My wife is next to me. Tissue in hand. Dabbing at her eyes. I have somehow held back my tears. I don’t know why, but I just poured out my life story to the counselor. It really has no bearing at all on why we’re here… at least not directly… but it seemed right at the time. I was probably hoping for my wife or the counselor to break out into tears and sympathize with me._* “We didn’t know you were so complex and interesting! You win dude of the year! Yaay! Let’s get this marriage back on track!” *_God, I was such an ass. I was in a state of shock and extreme anxiety. I had not slept for two days. My heart was thumping out of my chest. I had already lost 11 lbs. How is that even possible?

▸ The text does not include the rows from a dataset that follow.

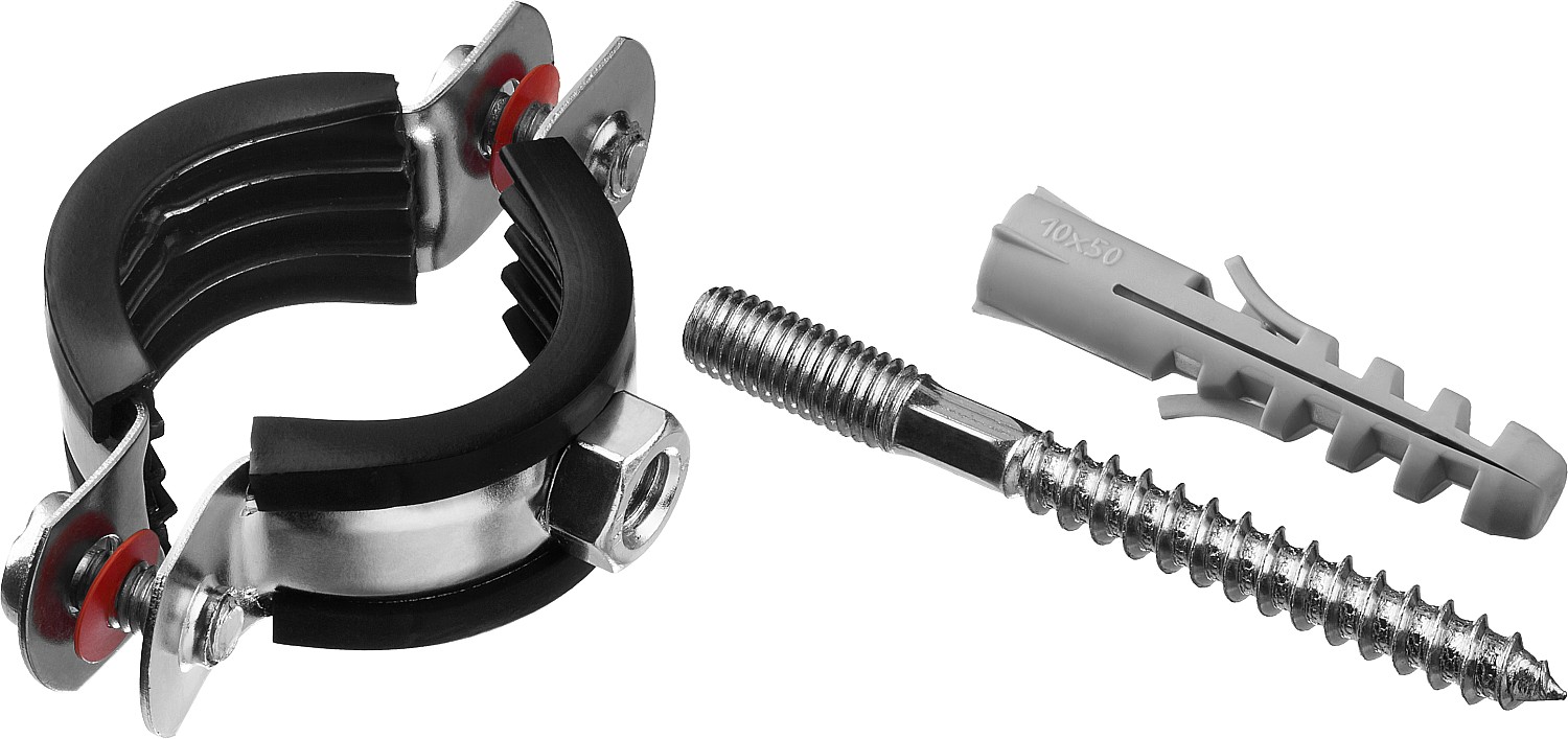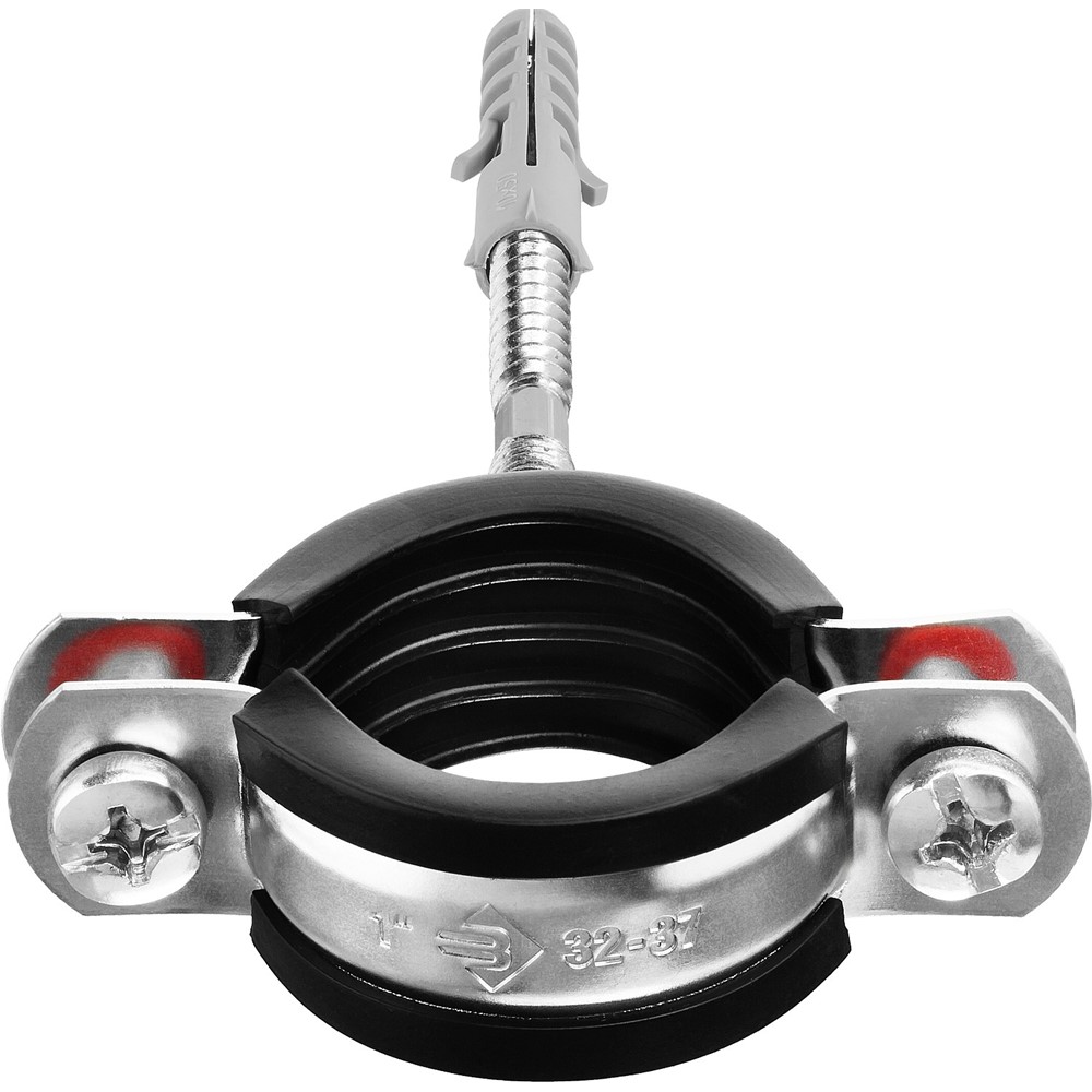 Хомут трубный с гайкой, оцинкованный, в комплекте с сантехнической шпилькой и дюбелем, 1", 1шт, ЗУБР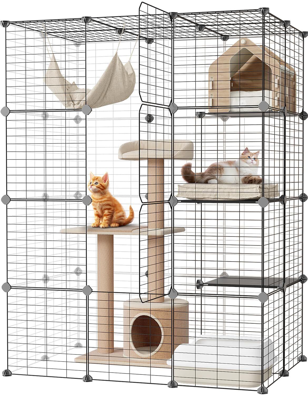 Topzoo 猫 ケージ 大型 3段 多頭飼い キャットケージ 大型猫 猫用ケージ 広い 組立簡単 組替え自由 おしゃれ キャットケージ 大きい 足場 ワイド 増やせる 脱走防止 室内飼い 日本語説明書付き 幅105×奥行き70×高さ140cm ブラック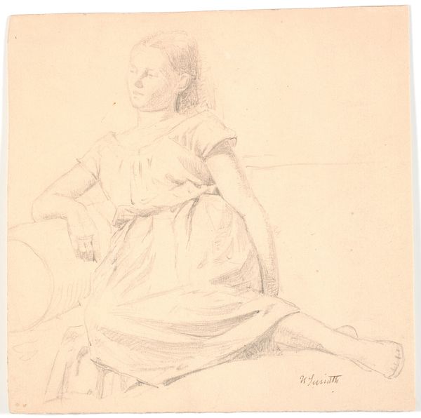 Curator: This delicate graphite drawing is titled "Sketch of a Seated Woman; verso: Sketch of a Woman" by William Valentine Schevill and is held at the Harvard Art Museums. Editor: There's a fragility here. I'm immediately drawn to the vulnerability in her posture; it's evocative of the constrained roles women faced. Curator: Indeed, the composition centers on the figure, utilizing subtle shading to define form and capture the texture of the fabric. Note the artist's attention to line and the way he suggests volume with economical strokes. Editor: I find myself wondering about the artist's gaze, and how it frames the woman's identity—or lack thereof, given her averted face. Curator: The beauty, for me, lies in the simplicity of the means, and the study of form. Editor: And for me, the power lies in how such intimate sketches reveal broader narratives of gender and representation.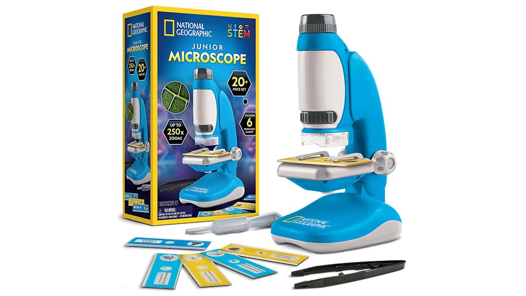 Acest microscop cu o mărire de 250 de ori, cu iluminare superioară și inferioară, precum și cu un ocular detașabil. Copiii pot colecta propriile probe sau pot folosi cele șase secțiuni vegetale pregătite dinainte pentru a examina îndeaproape, de exemplu, polenul de pin, semințele de păpădie și multe alte lucruri interesante. Acest microscop este un instrument ideal pentru descoperirea naturii și dezvoltarea curiozității științifice, în timp ce copiii pot învăța într-un mod jucăuș despre minunile lumii microscopice.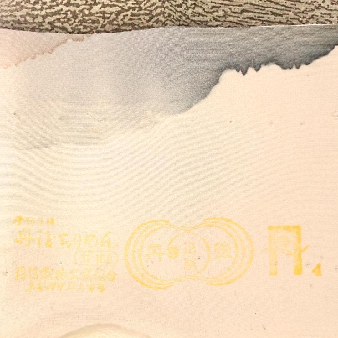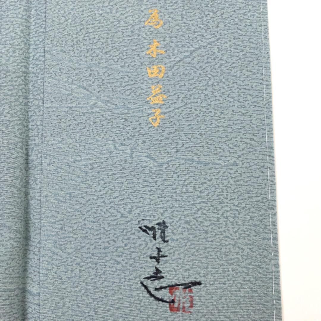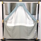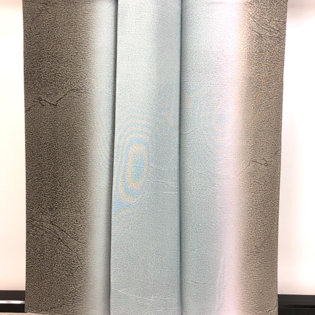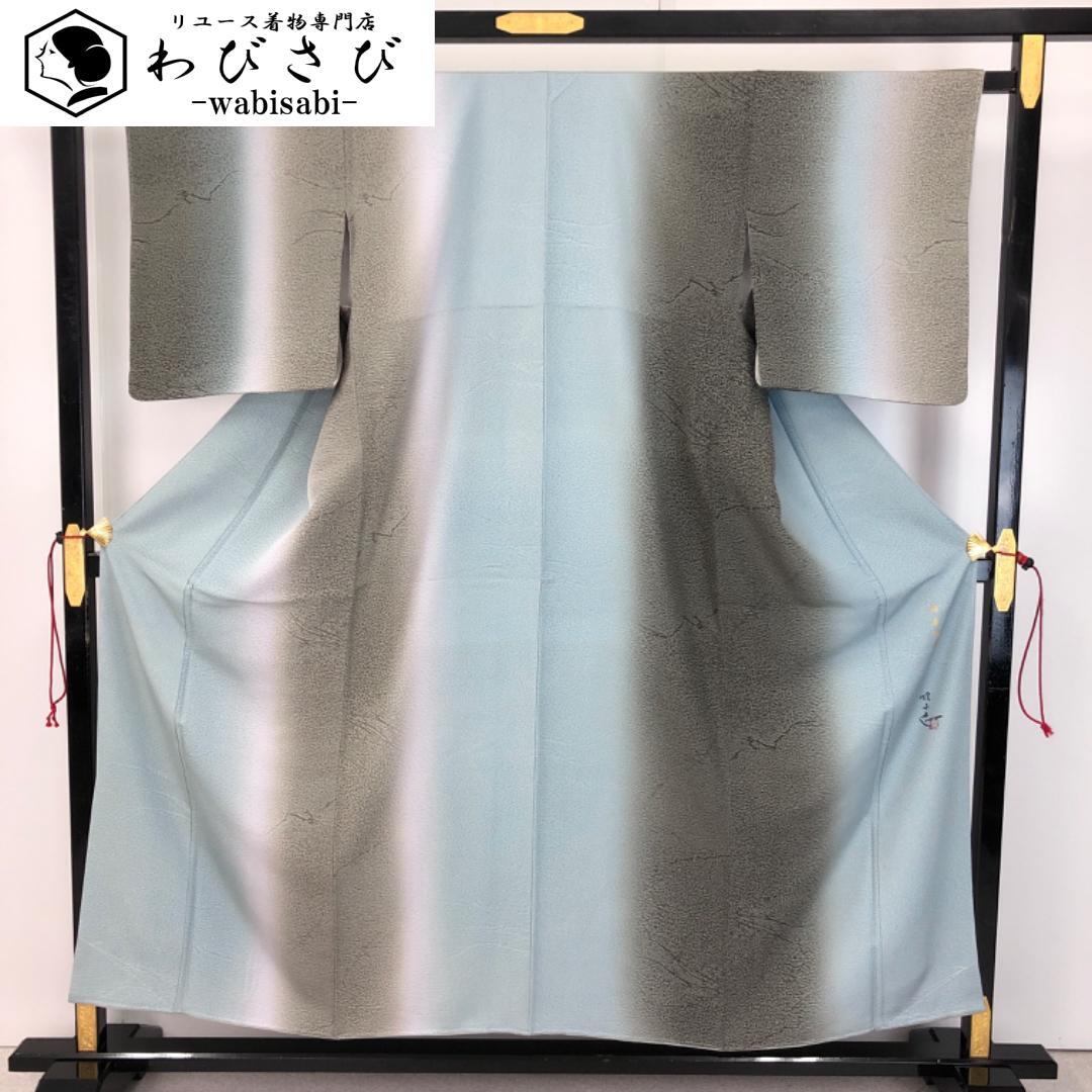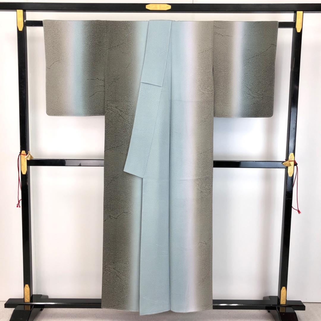 砧青磁色ベースの縦柄のグラデーションがデザインされた雰囲気の良い素敵な柄裄のお品でございます。

I talked and talked… the counselor sat there with a concerned look on her face. She nodded and hummed sympathetically at all the right times. My wife was normally stoic and emotionless. She had a hard time with intimacy of any kind. Today she was sobbing quietly and wiping tears.. a state I had only seen before when somebody died or she was caught overspending for the 100th time.

I wrapped up my story with the line _*“… and now here we are with you… because I found evidence of infidelity”.*_ You could see this took the counselor by surprise.* “Oh… okay.”* Not what she was expecting. My wife went immediately from sobbing damsel to angry ***** in the span of one nanosecond. She had enough of my histrionics.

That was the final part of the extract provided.